The bank’s total provisions for bad debts over the six months to March 31 will rise to $706m, up from $485m in the prior half.

More cost hits

The lender’s stock dropped 3.6 per cent to $41.02 at the closing bell on Monday, versus a 0.1 per cent gain for the S&P/ASX 200 Index.

UBS banking analyst John Storey said NAB’s decision to strengthen its cash reserves might create some short-term pain for longer-term benefits.

“Given NAB’s greater exposure to SME and Business Banking, operational performance is always likely to be more cyclical compared to peers with the same holding true if events turn out to be better than feared in the second half of financial 2026 and beyond,” Mr Storey said. “We think NAB enters this potentially more vulnerable period from a much stronger starting point than that seen in previous periods.”

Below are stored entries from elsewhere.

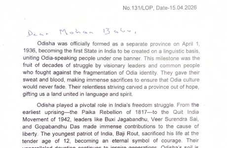 ସୀମା ପୁନଃ ନିର୍ଦ୍ଧାରଣ ପ୍ରସଙ୍ଗରେ ମୁଖ୍ୟମନ୍ତ୍ରୀ ଶ୍ରୀ ମୋହନ ଚରଣ ମାଝୀଙ୍କୁ ବିରୋଧୀ ଦଳ ନେତା ଶ୍ରୀ ନବୀନ ପଟ୍ଟନାୟକ ଆଜି ଏକ ଚିଠି ଲେଖି ଆଗାମୀContinue Reading……
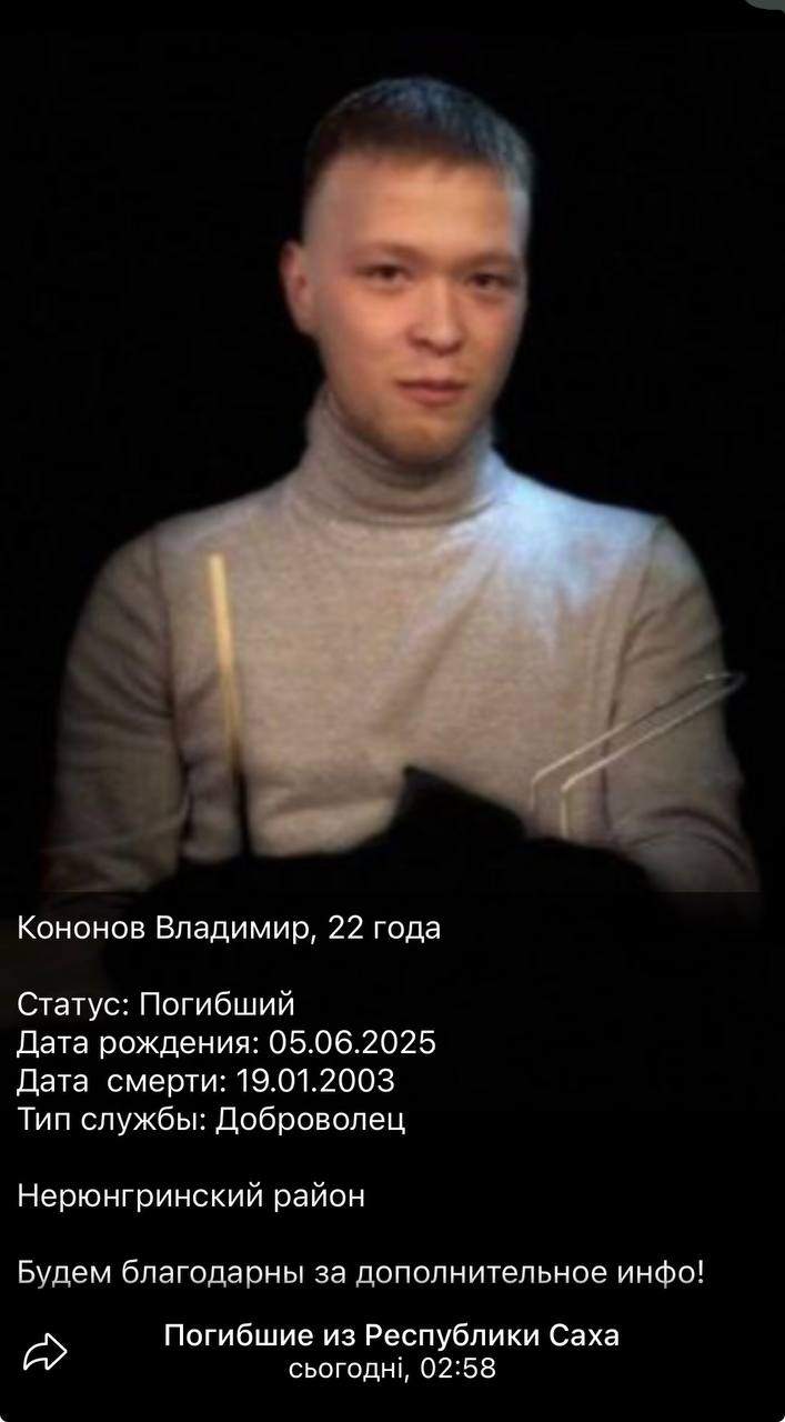 Статус: Подробные данные по данному погибшему получены и обрабатываются.
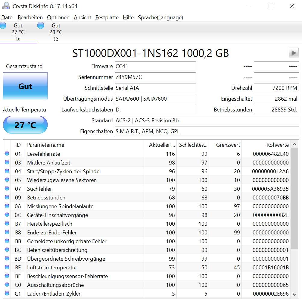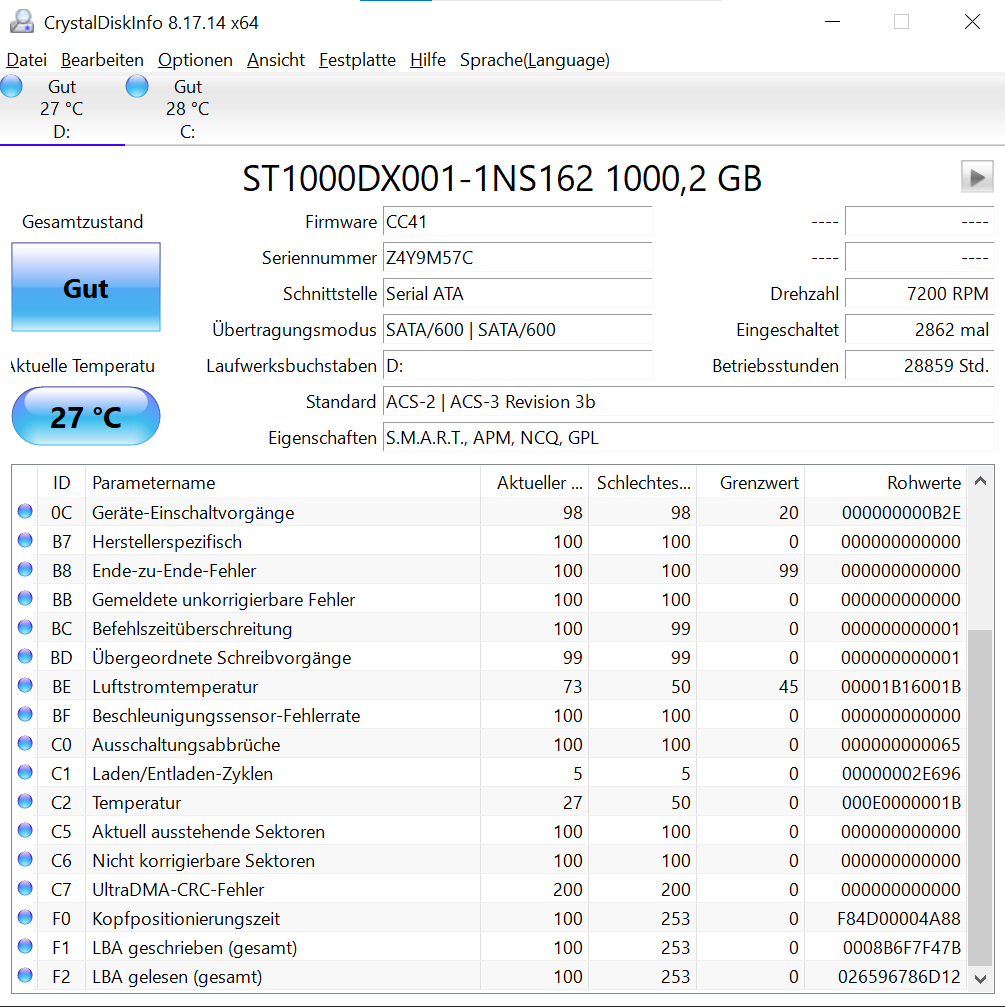 Nun, also ich persönlich werde nicht ganz schlau aus der CrystalDiskInfo.

NAB is Australia’s largest lender to businesses, with the sector more exposed to the fallout from the Middle East war than Australia’s residential housing market.

Accounting policy changes

On Monday, the bank also flagged it will book a one-off $1.35b profit hit in its results for the for the six months to March 31 due to a policy change on how it accounts for software development costs. The bank said the shift to AI services means it will now expense more of its tech costs on an upfront basis, rather than amortise them over longer time periods.

“Under the leadership of the new CFO, accounting practices related to capitalised software and investment spending have been adjusted to better align with industry standards,” Mr Storey said.

For the six months to March 31 it still currently expects cash operating expense growth to be 4.6 per cent.

The bank said the shift in dividend payout policy is necessary to bolster the amount of cash it holds in reserve as a proportion of total loans outstanding in a financial metric known as its Risk Weighted Asset base.

NAB’s move comes after, Australia’s second-largest lender Westpac, warned of a growing economic shock from the war in the Middle East and rising interest rates last week.

NAB’s shares have still jumped 22 per cent over the last year as investors bet the banking sector will emerge a net winner from cost efficiencies linked to advances in artificial intelligence. Westpac is up 28 per cent over the past 12 months to $39.85 on Monday.

Other companies to have flagged profit hits on the local share market since the war on Iran; include Qube, Worley, Qantas, Virgin Australia, Cleanaway Waste, Orora, a2 Milk, and EML payments.